ソフトウェアが混乱しすぎないように、表示は役割ベースになっている。つまり、例えば縫製担当者は次の注文しか見ることができないが、物流担当者は今日どの荷物が家を出なければならないかを正確に知ることができる。生産管理だけでなく、古典的なMIS/ERPビューもある。このようにして収集された情報を使って、後算定や製品開発さえも合理化することができる。「将来的には、データ分析に人工知能を活用する予定です」と彼は言う。
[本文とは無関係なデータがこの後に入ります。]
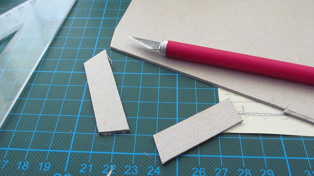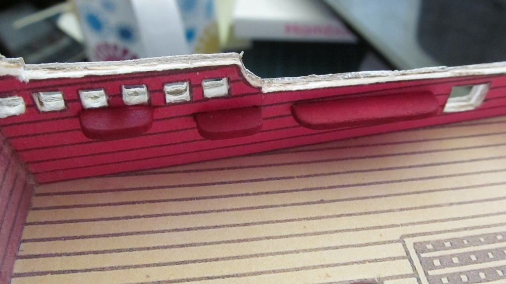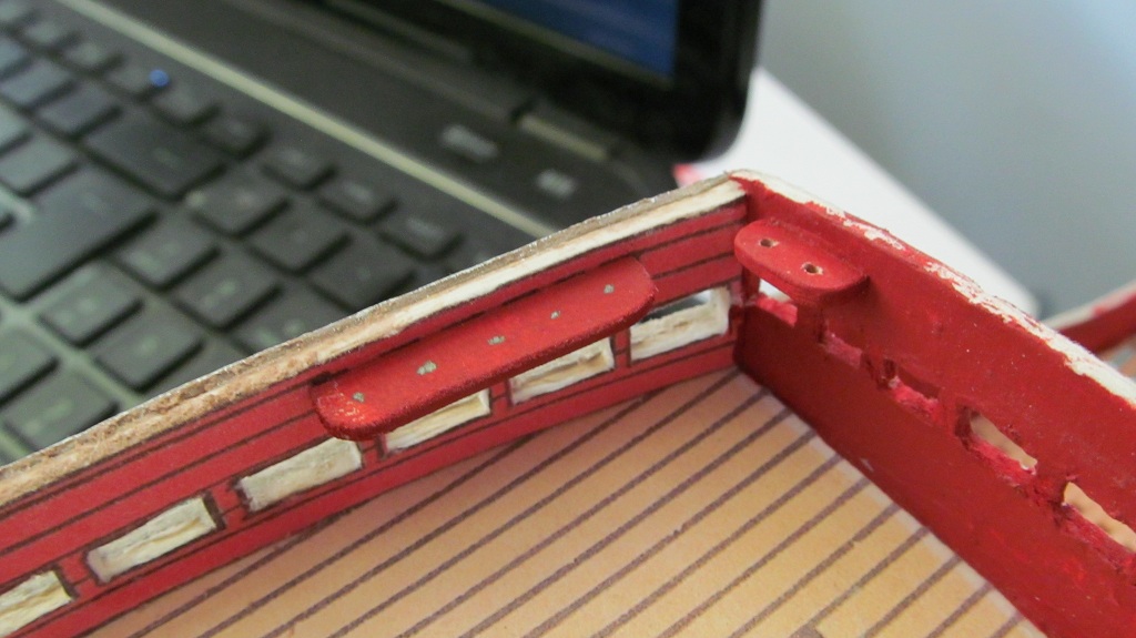 Z tektury grubości 1,2 mm wykonałem większość kołkownic. Wg planów wszystkie mocowane do wewnętrznych części burt. Z zaimpregnowanej tektury, po przeliczeniu i narysowaniu kształtów wyciąłem wszystkie niezbędne elementy. Krawędzie i niedokładności zeszlifowałem papierem ściernym (120 grad). Przed przyklejeniem pomalowałem elementy farbami akrylowymi. Nagielbanki jeszcze nie mają otworów na kołki.

「アレクサンダー・バイルケンは言う。「私たちは一貫して、毎日3交代制で生産を行っています。「注文は、可能であれば午前中に印刷され、午後遅くに梱包されます。このため、保管スペースはほとんど必要なく、注文がどこにあるのか、いつでもすぐにお客様に伝えることができます。結局のところ、プロシージスではプリントを売るだけでなく、何よりも顧客にとって適切な場所に適切な時間に届くという安心感を売っているのです”
昇華プリントとUVプリントは、例えばDurst P5 510を使ってレムヴェルダーで生産される。画像出典:Procedes.

生産の自動化
しかし、このような一貫したデジタル化されたワークフローには、単なるソフトウェア以上のものが必要である。ヨーロッパ向けのテキスタイル印刷の注文は、レンヴェルダーとケルンで生産されている。グループ内の他の拠点は、例えば、プレート印刷や広告技術に重点を置いている。テキスタイルには昇華プリントかUVダイレクトプリントのみが使用される。生産は、プリント幅5メートルまでの堅牢な工業用機械で行われる。
「大量に購入できる標準的な素材に集中しています。そのため、ロールの交換に必要な時間はわずかで、その後の加工で設定を変更する必要はほとんどありません。当社の印刷製品は、当社独自の配管やフレーム・プロファイルに一貫して最適化されています。多くのお客様が、長年にわたって展示会用スタンドにこれらを使用しています。これは、展示会建設におけるエコロジカル・フットプリントの削減にも役立っています。”
ドイツのデジタル化?始まっている
自動化とデジタル化の組み合わせがプロシージャでこれほどうまくいっているのは驚くべきことだ。ドイツとその従業員は、どちらかというとデジタル・プロセスに懐疑的だと考えられている。「チームの期待に応えられず、ソフトウェアが会社独自の非標準的なプロセスに合わせられすぎていることが原因であることが多いようです」とアレクサンダー・ベイルケンは言う。
「自動化とデジタル化によって作業工程が縮小されたり、従業員が解雇されたり、ワークフローが機能しなくなったりすると、抵抗が生じます。一貫したチェンジマネジメントと、従業員一人ひとりが大切にされる前向きな企業文化が、捺染印刷における自動化とデジタル化の成功に貢献する。”